# Entries taken from a collection
——

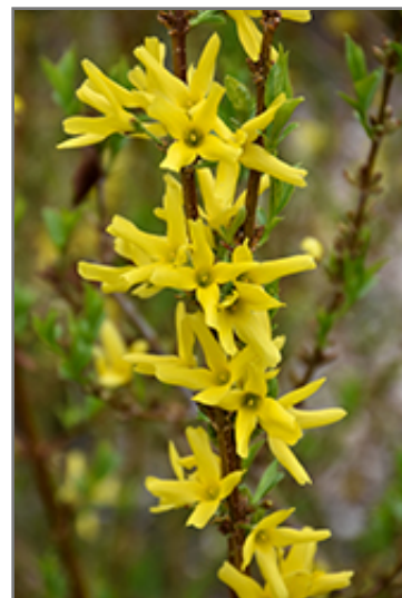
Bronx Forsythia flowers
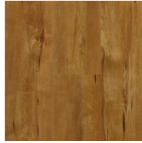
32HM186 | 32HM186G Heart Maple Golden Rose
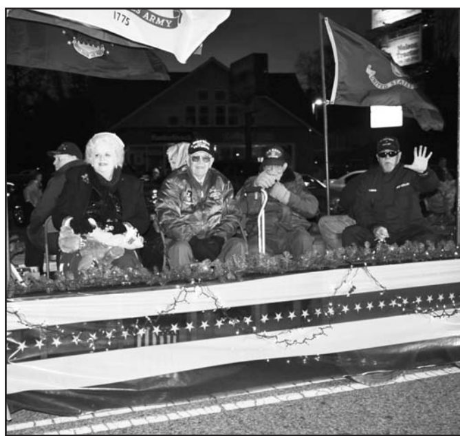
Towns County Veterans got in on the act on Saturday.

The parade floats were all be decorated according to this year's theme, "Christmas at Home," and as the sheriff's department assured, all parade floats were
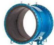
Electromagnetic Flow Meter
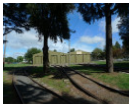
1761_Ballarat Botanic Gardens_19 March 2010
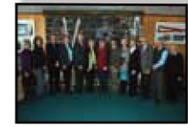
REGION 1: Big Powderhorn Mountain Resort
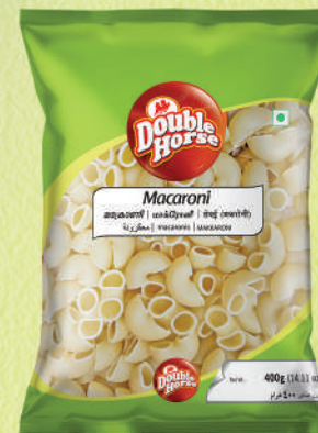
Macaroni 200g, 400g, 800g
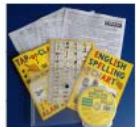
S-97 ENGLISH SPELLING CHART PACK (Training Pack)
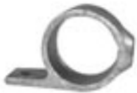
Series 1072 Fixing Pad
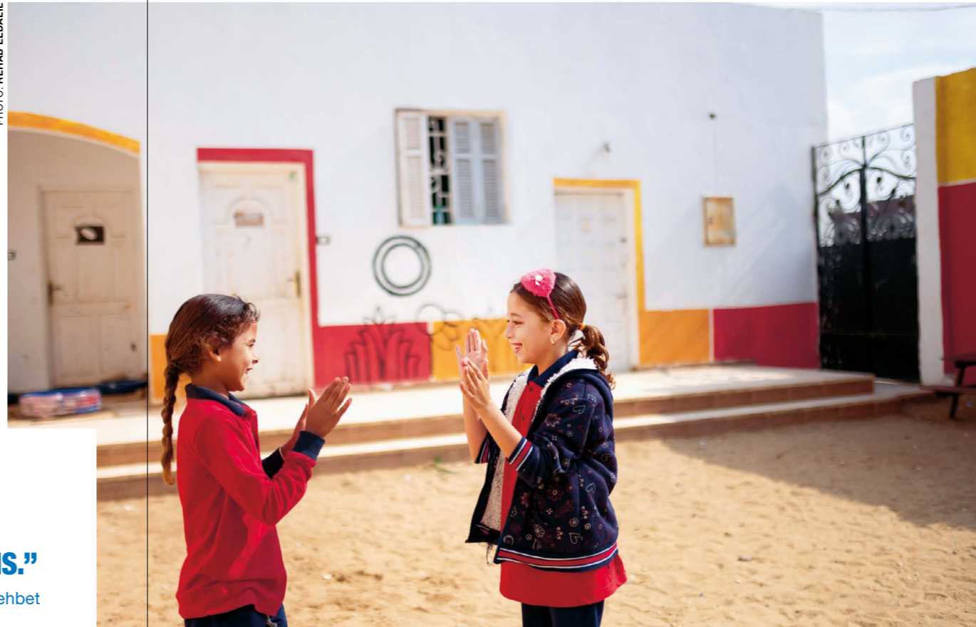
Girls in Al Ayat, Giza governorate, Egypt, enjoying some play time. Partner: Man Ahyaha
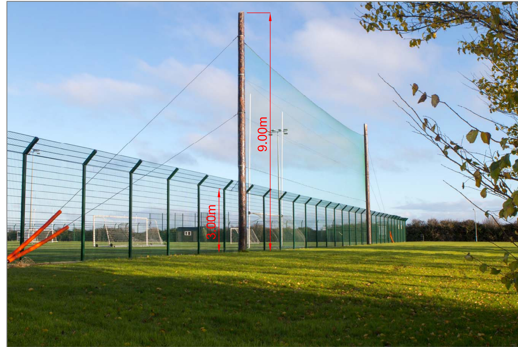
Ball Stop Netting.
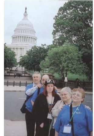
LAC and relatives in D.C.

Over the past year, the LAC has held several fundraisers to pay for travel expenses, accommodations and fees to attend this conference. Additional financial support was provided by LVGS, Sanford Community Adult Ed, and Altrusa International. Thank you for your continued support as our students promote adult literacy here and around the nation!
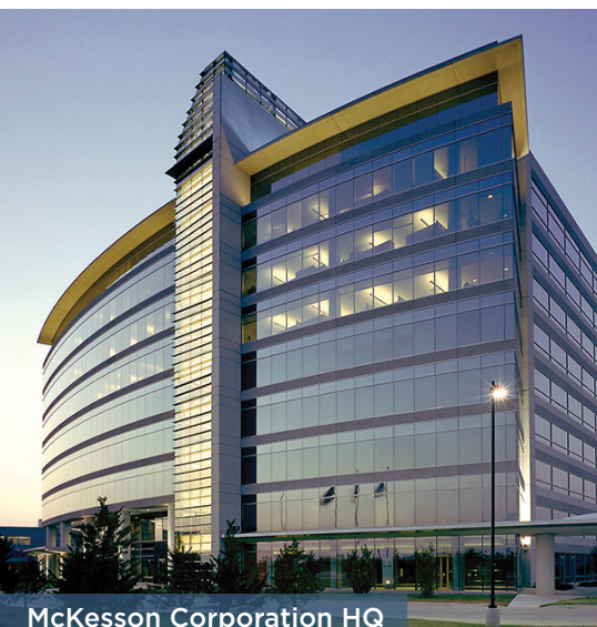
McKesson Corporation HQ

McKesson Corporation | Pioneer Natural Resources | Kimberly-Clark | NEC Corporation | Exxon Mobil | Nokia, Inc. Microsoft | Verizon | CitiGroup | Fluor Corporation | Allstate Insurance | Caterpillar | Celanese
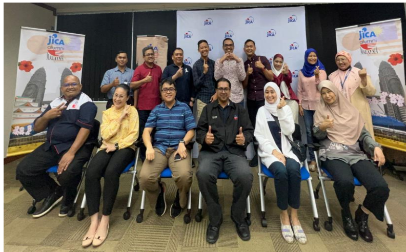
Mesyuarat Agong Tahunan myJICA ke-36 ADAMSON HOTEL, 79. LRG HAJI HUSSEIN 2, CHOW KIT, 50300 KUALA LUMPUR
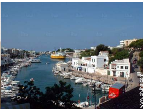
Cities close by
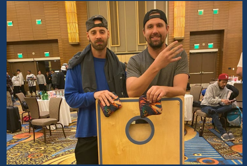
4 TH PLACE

——

# Work instruction
Within these entries, output exactly the lines starting at the one with "32HM186 | 32HM186G Heart Maple Golden Rose" and finishing at the one with "The parade floats". Leave pictures out of the output.

# Your response
32HM186 | 32HM186G Heart Maple Golden Rose
Towns County Veterans got in on the act on Saturday.

The parade floats were all be decorated according to this year's theme, "Christmas at Home," and as the sheriff's department assured, all parade floats were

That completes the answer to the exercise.